Yesterday, the Second Circuit reminded us that for litigation classes, variations in state laws absolutely can and should tank class certification. Langan v. Johnson & Johnson Consumer Cos., No. 17-1605 (2d Cir. July 24, 2018) is a “natural” case, challenging that label on two several baby-oriented bath products. The plaintiff allegedly purchased some in Connecticut and contended that 20 other states have similar consumer fraud laws. The district court certified a 21-state class, after which J&J successfully petitioned the Second Circuit, under Rule 23(f), to hear an interlocutory appeal.

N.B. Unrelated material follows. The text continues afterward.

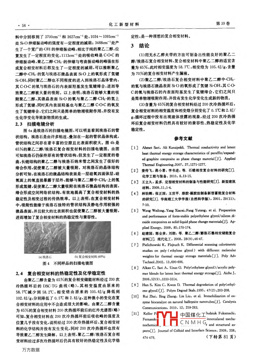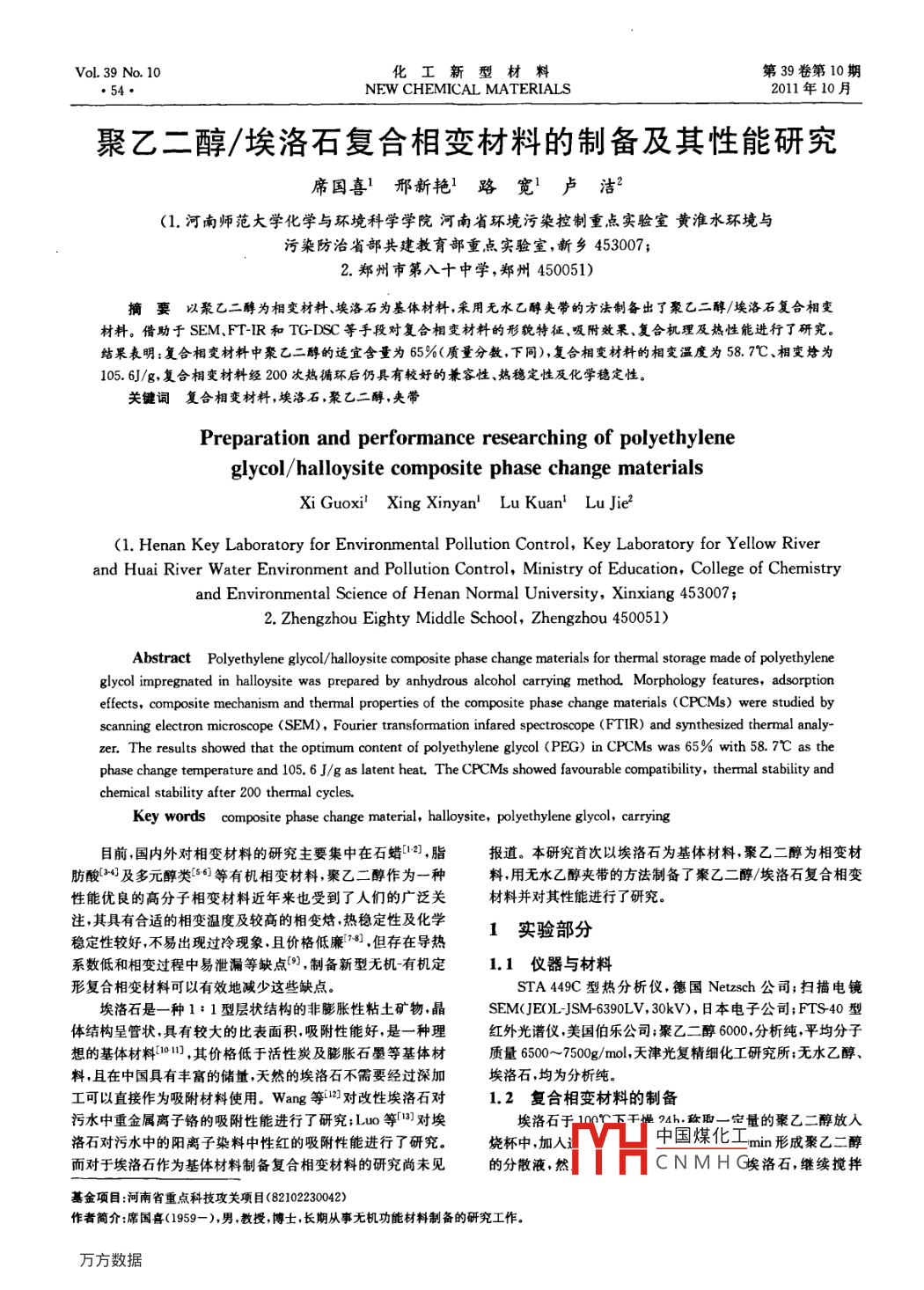 Vol. 39 No. 10化工新型材料第39卷第10期NEW CHEMICAL MATERIALS2011年10月聚乙二醇/埃洛石復合相變材料的制備及其性能研究席國喜'邢新艷'路寬'盧潔2(1.河南師范大學化學與環(huán)境科學學院河南省環(huán)境污染控制重點實驗室黃淮水環(huán)境與污染防治省部共建教育部重點實驗室,新鄉(xiāng)453007;2.鄭州市第八十中學,鄭州450051)摘要以聚乙二醇為相變材料、埃洛石為基體材料,采用無水乙醇夾帶的方法制備出了聚乙二醇/埃洛石復合相變材料。借助于SEM.FT-IR和TG-DSC等手段對復合相變材料的形貌特征、吸附效果、復合機理及熱性能進行了研究。結果表明:復合相變材料中聚乙二醇的適宜含量為65%(質(zhì)量分數(shù),下同),復合相變材料的相變溫度為58.7C、相變焓為105. 6J/g,復合相變材料經(jīng)200次熱循環(huán)后仍具有較好的兼容性、熱穩(wěn)定性及化學穩(wěn)定性。關鍵詞復合相變材料,埃洛石,聚乙二醇,央帶Preparation and performance researching of polyethyleneglycol/ halloysite composite phase change materialsXi Guoxi' Xing Xinyan' Lu Kuan' Lu Jjie2(1. Henan Key Laboratory for Environmental Pollution Control, Key Laboratory for Yellow Riverand Huai River Water Environment and Pollution Control, Ministry of Education, College of Chemistryand Environmental Science of Henan Normal University, Xinxiang 453007 ;2. Zhengzhou Eighty Middle School, Zhengzhou 450051)Abstract Polyethylene glyco/halloysite composite phase change materials for thermal storage made of polyethyleneglycol impregnated in halloysite was prepared by anhydrous alcohol carrying method. Morphology features, adsorptioneffects, composite mechanism and thermal properties of the composite phase change materials (CPCMs) were studied byscanning electron microscope (SEM),F(xiàn)ourier transformation infared spectroscope (FTIR) and synthesized thermal analy-zer. The results showed that the optimum content of polyethylene glycol (PEG) in CPCMs was 65% with 58. 7C as thephase change temperature and 105. 6 J/g as latent heat. The CPCMs showed favourable compatibility, thermal stability andchemical stability after 200 thermal cycles.Key words composite phase change material, halloysite, polyethylene glycol, carrying目前,國內(nèi)外對相變材料的研究主要集中在石蠟12],脂報道。本研究首次以埃洛石為基體材料,聚乙二醇為相變材肪酸[30]及多元醇類[56]等有機相變材料,聚乙二醇作為一種料,用無水乙醇夾帶的方法制備了聚乙二醇/埃洛石復合相變性能優(yōu)良的高分子相變材料近年來也受到了人們的廣泛關材料并對其性能進行了研究。注,其具有合適的相變溫度及較高的相變焓,熱穩(wěn)定性及化學1實驗部分穩(wěn)定性較好,不易出現(xiàn)過冷現(xiàn)象.且價格低廉[74] ,但存在導熱系數(shù)低和相變過程中易泄漏等缺點(°),制備新型無機-有機定1.1儀器 與材料形復合相變材料可以有效地減少這些缺點。STA 449C型熱分析儀,德國Netzsch 公司;掃描電鏡埃洛石是一種1: 1型層狀結構的非膨脹性粘土礦物,晶SEM(JE0L-JSM-6390LV, 30kV),日本電子公司;FTS-40型體結構呈管狀,具有較大的比表面積.吸附性能好,是一種理紅外光譜儀,美國伯樂公司;聚乙二醇6000,分析純,平均分子想的基體材料1[01,其價格低于活性炭及膨脹石墨等基體材質(zhì)量6500~7500g/mol,天津光復精細化工研究所;無水乙醇、料,且在中國具有豐富的儲量,天然的埃洛石不需要經(jīng)過深加埃洛石,均為分析純。工可以直接作為吸附材料使用。Wang 等i12對改性埃洛石對1.2復合相變材料的制備污水中重金屬離子鉻的吸附性能進行了研究;Luo等[3]對埃埃洛石于100個下千幄?4h.稱雨一定量的聚乙二醇放人洛石對污水中的陽離子染料中性紅的吸附性能進行了研究。燒杯中,加入中國煤化工:min形成聚乙二醇而對于埃洛石作為基體材料制備復合相變材料的研究尚未見的分散液,然MYHCNMHC埃洛石,繼續(xù)攪拌.基金項目:河南省重點科技攻關項目(82102230042)作者簡介:席國喜(1959-),男,教授,博士,長期從事無機功能材料制備的研究工作。第10期席國喜等:聚乙二醇/埃洛石復合相變材料的制備及其性能研究30min,移到恒溫水浴槽中控溫80°C ,攪拌至無水乙醇大量揮表1復合材料的相變溫 度相變焓測量值及理論值發(fā),產(chǎn)物干燥至恒重,粉碎研磨,即得復合相變材料。分別制聚乙二醇含量相變溫度 相交焓測 地值相變焓理論值備了聚乙二醇含量為50% .55%、60%、65%、70%的復合相變/%(J/g)/(J/g)5054. 582.7786. 90材料。5553.689.5195.591.3樣品的表征56.497.88104. 28用掃描電鏡觀察埃洛石及65%的復合相變材料的形貌;558.7105.60112. 97用STA449C型熱分析儀對樣品的熱性能及熱穩(wěn)定性進行了7054.1107. 70121.66研究,采用N2氣氛,升溫速率5C/min,溫度范圍25~ 100°C ;取65%的復合相變材料做IR測定,采用KBr壓片,掃描范圍110r為400~ 400cm~'.0s-1.4數(shù)據(jù)處理復合相變材料相變焓的理論值可由公式△OH= WsaX5|△Hsa計算](△HsA與△H分別是聚乙二醇和復合相變材料的相變焓,Wsa是復合相變材料中聚乙二醇的質(zhì)量百分含0量)。st2結果與討論;豪乙一醇含量%2.1聚乙二醇含量對復 合相變材料熱穩(wěn)定性的影響圖2復合材料的相變焓 與聚乙二醇含量的關系圖la為聚乙二醇的TG-DSC曲線,由圖可知聚乙二醇的相變溫度為60. 2C ,相變焓為173. 8J/g。分別制備了聚乙二2.2復合相變材料的兼容性醇含量為50%,55% .60%、65%、70%的復合相變材料。實驗紅外光譜分析可以確定聚乙二醇/埃洛石復合相變材料過程中發(fā)現(xiàn)聚乙二醇

J&J tried to argue that the plaintiff lacked Article III (constitutional “case or controversy”) standing to sue on behalf of purchasers in other states, but the Second Circuit rejected that contention. “[A]s long as the named plaintiffs have standing to sue the named defendants, any concern about whether it is proper for a class to include out-of-state, nonparty class members with claims subject to different state laws is a question of predominance under Rule 23(b)(3), not a question of ‘adjudicatory competence’ under Article III.” The court recognized some tension in case law over this question, but thought that Supreme Court guidance counseled treating “modest variations between class members’ claims as substantive questions, not jurisdictional ones.”

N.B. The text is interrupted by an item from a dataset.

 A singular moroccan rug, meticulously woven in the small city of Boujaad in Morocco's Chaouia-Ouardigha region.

Looking at the question through Rule 23’s “predominance” lens, however, the Second Circuit thought the District Court had been too hasty in certifying a multistate class. “Variations in state laws do not necessarily prevent a class from satisfying the predominance question,” but J&J offered an extensive analysis as to why the state laws at issue differed too much for a single jury to answer all the necessary questions. Among the important differences J&J highlighted, some states require a showing of actual reliance, others require causation, and some require an actual intent to deceive. In just a single paragraph of its class certification opinion, the District Court dismissed those differences as “minor.” The Second Circuit held that that the District Court’s analysis was too cursory, more or less “tak[ing] the plaintiff’s word that no material differences exist,” which it could not do. The Second Circuit remanded the case for a more thorough analysis.

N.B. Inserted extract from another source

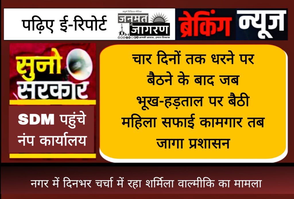 - ЁЯФ┤рд╕реЛрдпрддрдХрд▓рд╛ рдореЗрдВ рдЪрд╛рд░ рджрд┐рдиреЛрдВ рддрдХ рдзрд░рдиреЗ рдкрд░ рдмреИрдардиреЗ рдХреЗ рдмрд╛рдж рдЬрдм рдЕрдирд╢рди рдкрд░ рдмреИрдареА рдорд╣рд┐рд▓рд╛ рд╕рдлрд╛рдИ рдХрд╛рдордЧрд╛рд░ рддрдм рдЬрд╛рдЧрд╛ рдкреНрд░рд╢рд╛рд╕рди – рдПрд╕рдбреАрдПрдо рддрд╣рд╕реАрд▓рджрд╛рд░ рдкрд╣реБрдВрдЪреЗ рдЬрд╛рдВрдЪ рдХреЗ рд▓рд┐рдП

Langan and Hyundai stand for the same principle: District Courts always have to “rigorously analyze” the Rule 23 factors, including predominance and manageability, before they can certify a class. There is nothing wrong or inconsistent, though, in a defendant advocating against certification of a litigation class and then advocating for certification if the case later settles. Predominance and manageability in a trial context centers on what a single jury can reasonably be expected to decide. As the Supreme Court put it in Amchem Prods. Inc. v. Windsor, however, when a case is to be settled “the proposal is that there be no trial.” The focus of the settlement analysis is fairness to absent class members—as, hopefully, the Ninth Circuit ultimately will recognize.